WORK TO COMPLETE:
Quote the records in full and leave their pictures out.

DATA EXCERPTS:

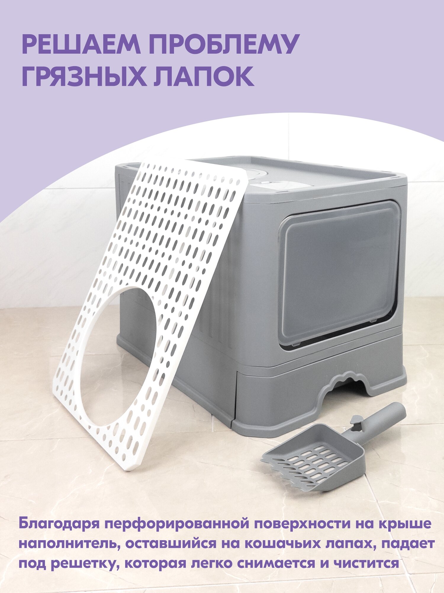 Туалет для кошек с совком, Лоток для животных с совком, серый, 38х29х10,5 см
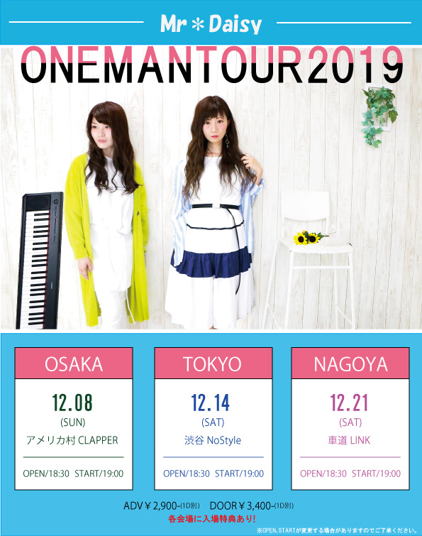 前売¥2,300-(2D別) 当日¥2,800-(2D別)
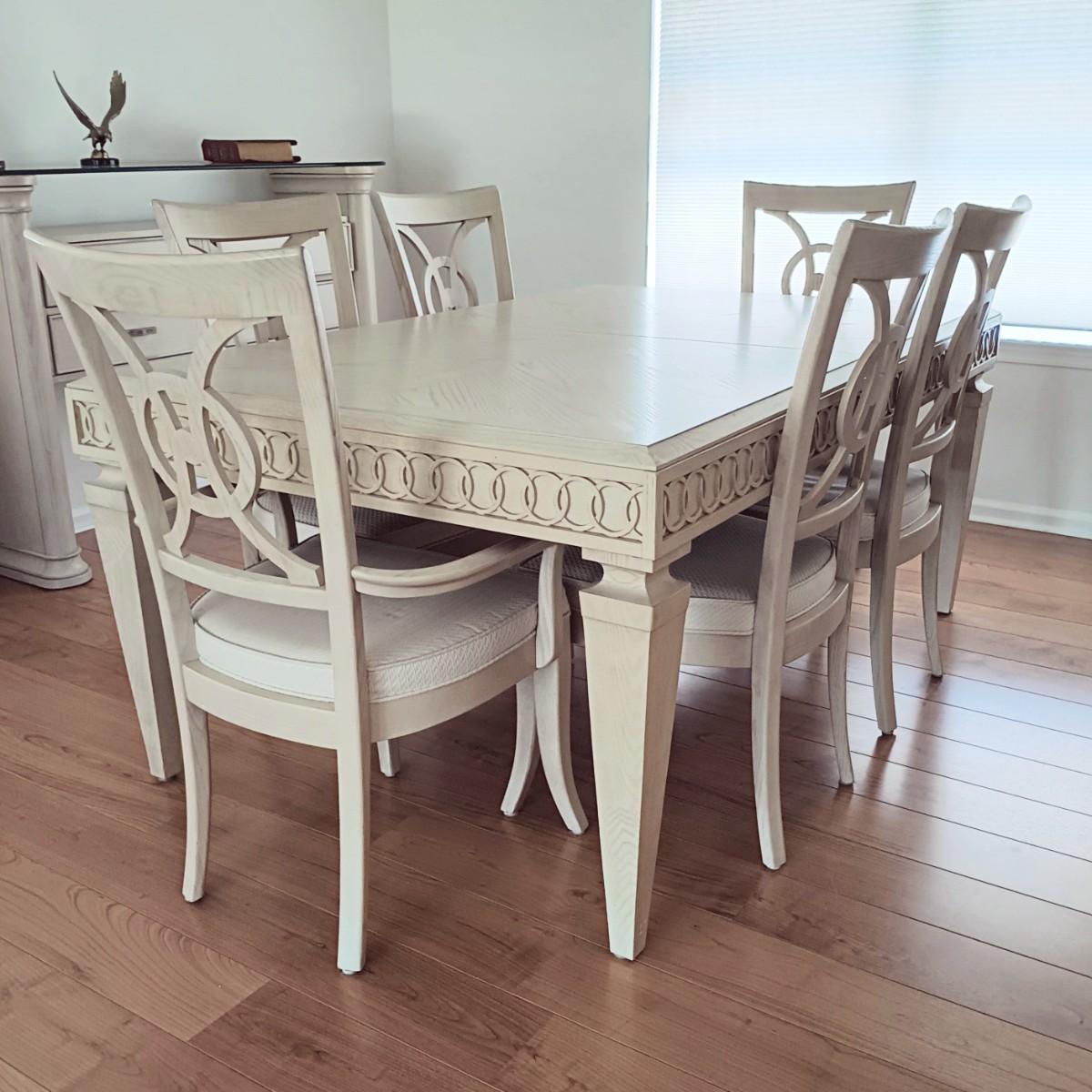 LOT 1: Stanley Furniture Co. Concentrics Collection White-Washed Dining Room Table with Chairs
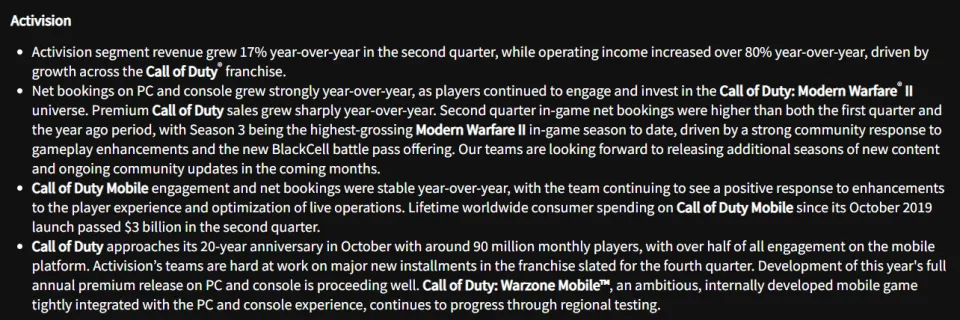 IT之家 7 月 20 日消息,动视暴雪在财报中确认,《任务召唤 2023》开辟希望顺遂,预计将于本年第四序度(10-12 月)推出。 动视暴雪体现:“动视的团队正在尽力打造系列游戏的全新篇章,操持在第四序度发布,该游戏在 PC 和主机平台上的开辟希望顺遂。” 动视暴雪还透露,《任务召唤:战区手游》与 PC 和主机版体验精密团结,现在仍在举行地域测试。 据报道,本年的《任务召唤》是客岁《当代战役 2》的续作,由 Sledgehammer Games 工作室主导开辟。动视暴雪本周早些时间好像证实了这一消息,该公司体现《当代战役 2》的脚色、武器和捆绑包将连续到本年的系列作品中。据称,《当代战役 2》的舆图和模式也将移植到新作中。 动视暴雪周二体现,关于本年游戏的初次公布活动的第一批细节将在《当代战役 2》和《战区 2》第五季的公告中发布,预计将于 8 月初上线。 该公司在周三的财报中体现:“《任务召唤》10 月份即将迎来 20 周年怀念日,现在每月有约 9000 万玩家,此中高出一半的玩家在移动平台上加入。”动视暴雪还声称,《任务召唤:手游》自 2019 年 10 月推出以来,环球消耗者付出已高出 30 亿美元(IT之家备注:当前约 216.9 亿元人民币)。 微软与动视暴雪已签署协议,将完成收购买卖业务的停止日期延伸至 10 月 18 日。两家公司仍在寻求英国竞争和市场管理局(CMA)对买卖业务的羁系允许,这是拦阻该买卖业务完成的末了一个庞大停滞。 |
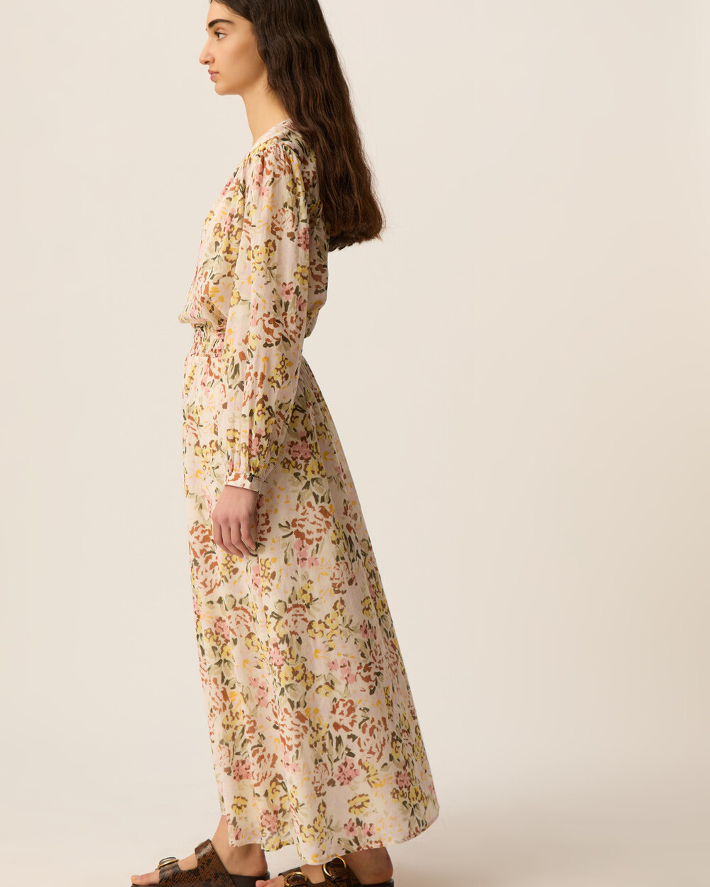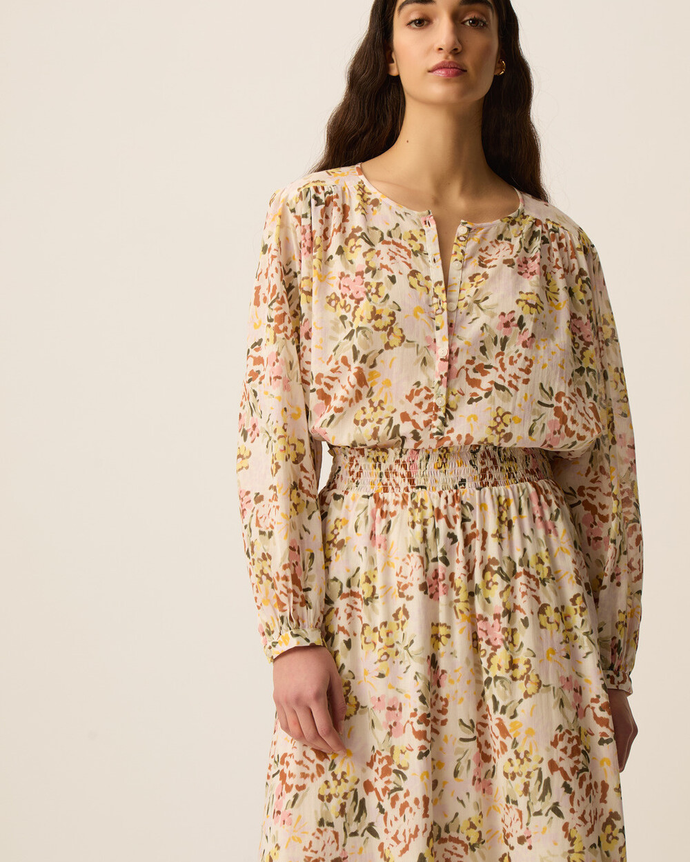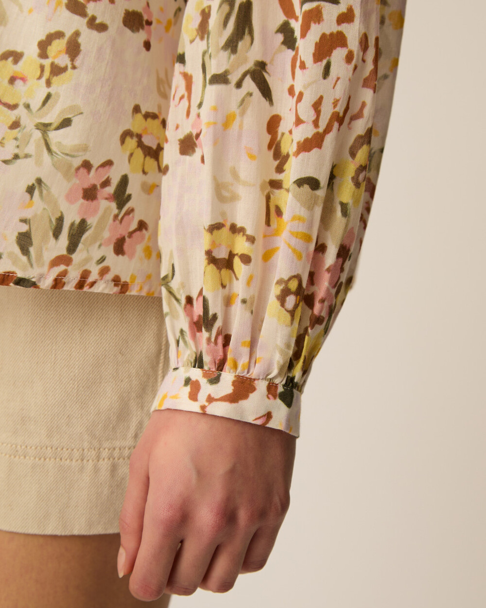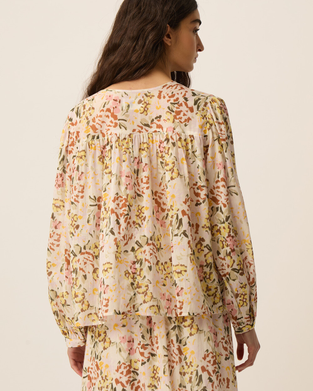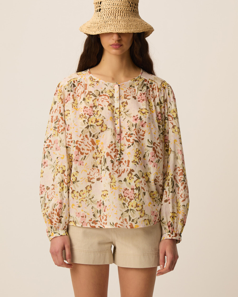 Collarless long sleeve blouse in a relaxed fit, made of a lightweight cotton voile with an unique flower pattern.

EXERCISE RESPONSE:
 Туалет для кошек с совком, Лоток для животных с совком, серый, 38х29х10,5 см
 前売¥2,300-(2D別) 当日¥2,800-(2D別)
 LOT 1: Stanley Furniture Co. Concentrics Collection White-Washed Dining Room Table with Chairs
 IT之家 7 月 20 日消息,动视暴雪在财报中确认,《任务召唤 2023》开辟希望顺遂,预计将于本年第四序度(10-12 月)推出。 动视暴雪体现:“动视的团队正在尽力打造系列游戏的全新篇章,操持在第四序度发布,该游戏在 PC 和主机平台上的开辟希望顺遂。” 动视暴雪还透露,《任务召唤:战区手游》与 PC 和主机版体验精密团结,现在仍在举行地域测试。 据报道,本年的《任务召唤》是客岁《当代战役 2》的续作,由 Sledgehammer Games 工作室主导开辟。动视暴雪本周早些时间好像证实了这一消息,该公司体现《当代战役 2》的脚色、武器和捆绑包将连续到本年的系列作品中。据称,《当代战役 2》的舆图和模式也将移植到新作中。 动视暴雪周二体现,关于本年游戏的初次公布活动的第一批细节将在《当代战役 2》和《战区 2》第五季的公告中发布,预计将于 8 月初上线。 该公司在周三的财报中体现:“《任务召唤》10 月份即将迎来 20 周年怀念日,现在每月有约 9000 万玩家,此中高出一半的玩家在移动平台上加入。”动视暴雪还声称,《任务召唤:手游》自 2019 年 10 月推出以来,环球消耗者付出已高出 30 亿美元(IT之家备注:当前约 216.9 亿元人民币)。 微软与动视暴雪已签署协议,将完成收购买卖业务的停止日期延伸至 10 月 18 日。两家公司仍在寻求英国竞争和市场管理局(CMA)对买卖业务的羁系允许,这是拦阻该买卖业务完成的末了一个庞大停滞。 |
 Collarless long sleeve blouse in a relaxed fit, made of a lightweight cotton voile with an unique flower pattern.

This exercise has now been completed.